Значительно реже в психиатрической практике встречаются также обонятельные, вкусовые, тактильные и висцеральные псевдогаллюцинации. В отличие от соответствующих истинных обманов восприятия, больные переживают в таких случаях различные (чаще отвратительные) запахи, металлический вкус во рту, наличие предметов или живых существ на коже или внутри тела как чуждых для них, навеянных внешней силой, возникших под влиянием аппаратов.

Для функциональных галлюцинаций характерно переживание больным «мнимого» образа восприятия на фоне другого — действительного раздражителя: в шорохе листвы под ветром больной слышит шепотную речь незнакомого человека, в шуме включенного вентилятора, работающего холодильника или падающей воды (если кран открыт) больной одновременно слышит оклики и брань по своему адресу.
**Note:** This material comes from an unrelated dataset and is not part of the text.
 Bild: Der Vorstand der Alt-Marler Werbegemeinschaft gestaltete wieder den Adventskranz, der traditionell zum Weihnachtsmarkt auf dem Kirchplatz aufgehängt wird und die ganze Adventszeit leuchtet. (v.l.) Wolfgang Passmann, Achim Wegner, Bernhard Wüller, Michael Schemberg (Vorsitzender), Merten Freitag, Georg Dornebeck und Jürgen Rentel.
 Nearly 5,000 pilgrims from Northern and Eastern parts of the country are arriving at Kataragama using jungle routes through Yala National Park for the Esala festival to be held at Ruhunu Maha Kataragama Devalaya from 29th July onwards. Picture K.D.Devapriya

Но эти разговоры тут же, буквально на полуслове обрываются с прекращением этих звуков, при выключении вентилятора, холодильника и водопроводного крана. Таким образом, внешне весьма сходные с истинными галлюцинациями и иллюзиями, функциональные галлюцинации отличаются от первых наличием реального раздражителя, а от вторых тем, что реальный раздражитель при иллюзиях совершенно не воспринимается, полностью поглощаемый иллюзорным образом, а при функциональных галлюцинациях он с ним сосуществует.

Рефлекторные галлюцинации переживаются больным в каком-то одном анализаторе (зрительном, обонятельном, кожном) при действии раздражителя на другой, например слуховой анализатор. В этом случае больной испытывает зрительные галлюцинации в звуках раскручивающейся пружины перед боем часов. Так же, как и при функциональных, при рефлекторных галлюцинациях галлюцинаторный образ сосуществует с образом реального раздражителя.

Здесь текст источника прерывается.